**What is being asked**
Of the lines in the material below, print only those from the one containing "Het perceel waarop" to the one containing "With bold lettering", ends included, exactly as written and without pictures.

**Given information**
......
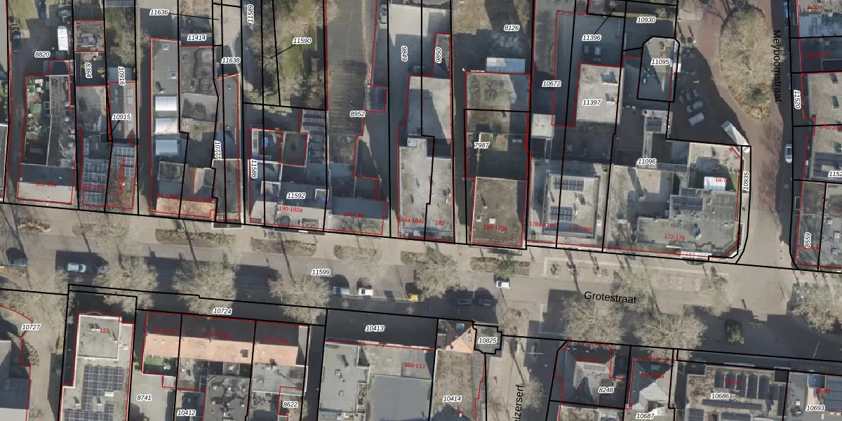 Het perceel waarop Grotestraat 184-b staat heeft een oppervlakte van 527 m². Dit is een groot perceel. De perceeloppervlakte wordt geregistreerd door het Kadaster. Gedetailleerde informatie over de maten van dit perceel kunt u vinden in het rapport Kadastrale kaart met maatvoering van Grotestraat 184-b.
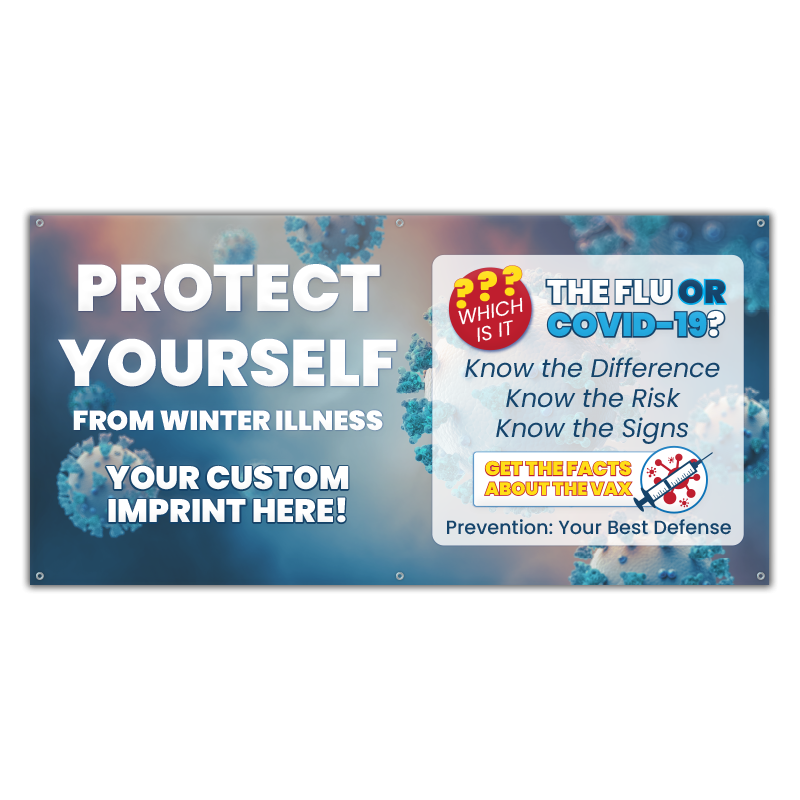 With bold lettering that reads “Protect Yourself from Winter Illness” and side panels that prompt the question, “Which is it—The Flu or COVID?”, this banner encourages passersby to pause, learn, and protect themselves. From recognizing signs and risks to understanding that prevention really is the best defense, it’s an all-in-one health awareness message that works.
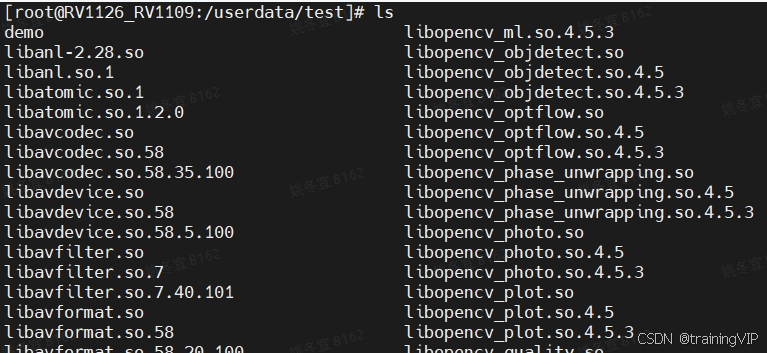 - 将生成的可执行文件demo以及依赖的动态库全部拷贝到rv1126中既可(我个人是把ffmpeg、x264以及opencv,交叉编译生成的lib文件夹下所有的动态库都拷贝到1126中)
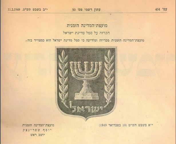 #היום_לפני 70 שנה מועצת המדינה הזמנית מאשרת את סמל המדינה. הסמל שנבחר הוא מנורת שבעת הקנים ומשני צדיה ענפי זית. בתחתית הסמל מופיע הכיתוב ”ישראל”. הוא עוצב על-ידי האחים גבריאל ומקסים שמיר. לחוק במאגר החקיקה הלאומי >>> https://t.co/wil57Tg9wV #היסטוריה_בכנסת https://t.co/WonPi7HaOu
......
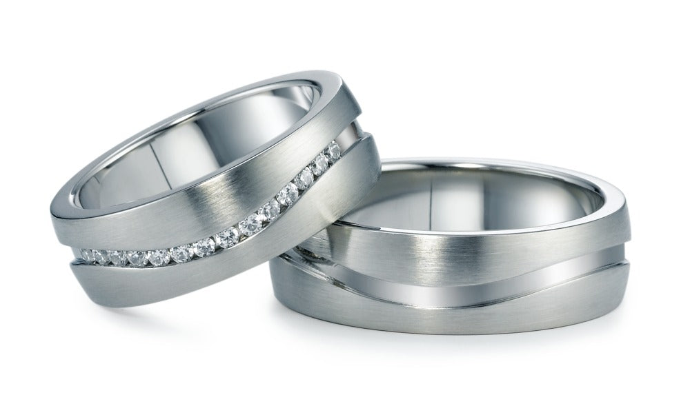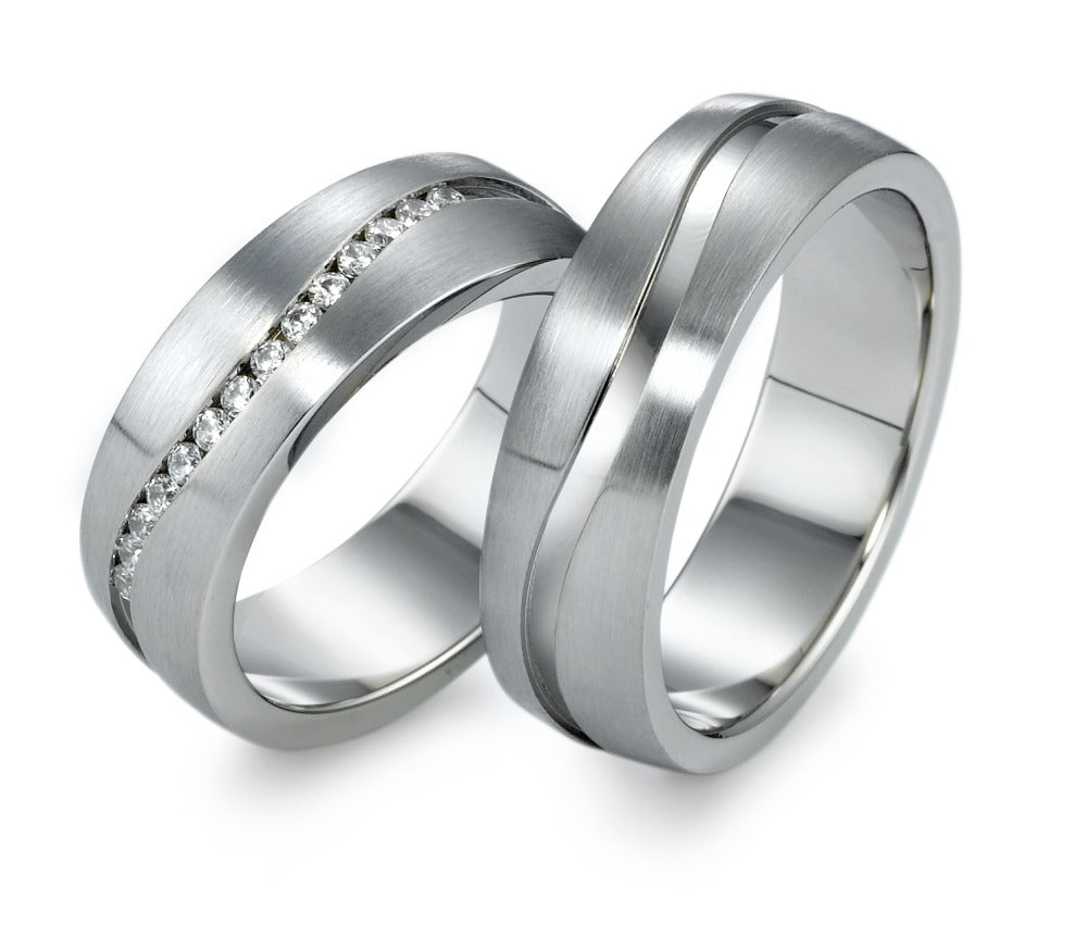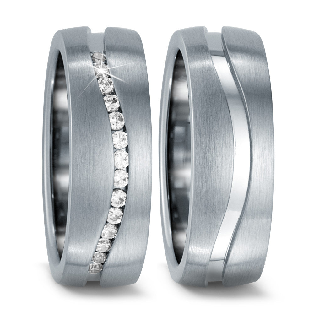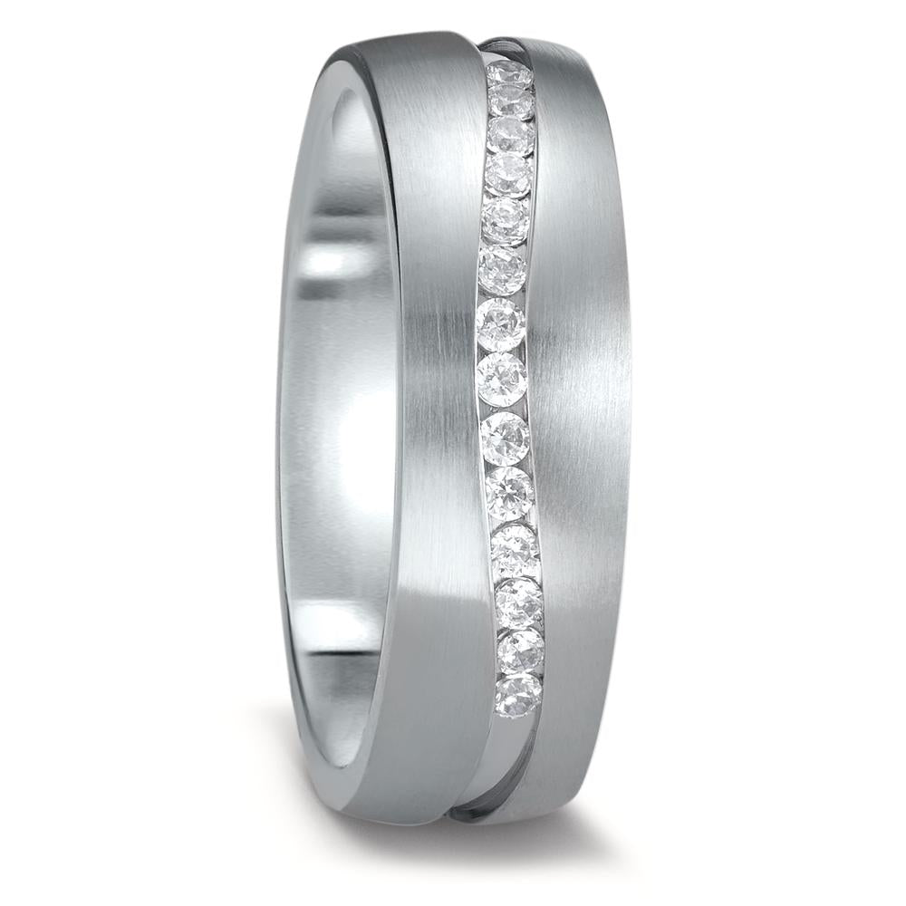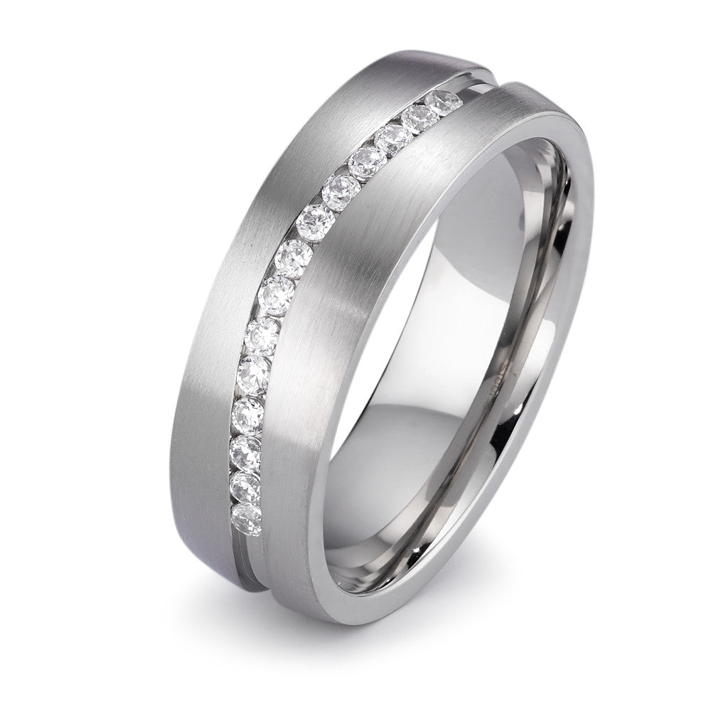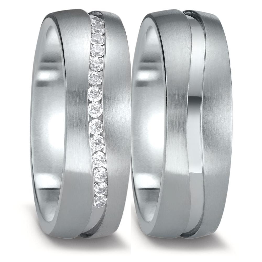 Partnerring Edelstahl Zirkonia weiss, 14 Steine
......
**Problem solution**
 Het perceel waarop Grotestraat 184-b staat heeft een oppervlakte van 527 m². Dit is een groot perceel. De perceeloppervlakte wordt geregistreerd door het Kadaster. Gedetailleerde informatie over de maten van dit perceel kunt u vinden in het rapport Kadastrale kaart met maatvoering van Grotestraat 184-b.
 With bold lettering that reads “Protect Yourself from Winter Illness” and side panels that prompt the question, “Which is it—The Flu or COVID?”, this banner encourages passersby to pause, learn, and protect themselves. From recognizing signs and risks to understanding that prevention really is the best defense, it’s an all-in-one health awareness message that works.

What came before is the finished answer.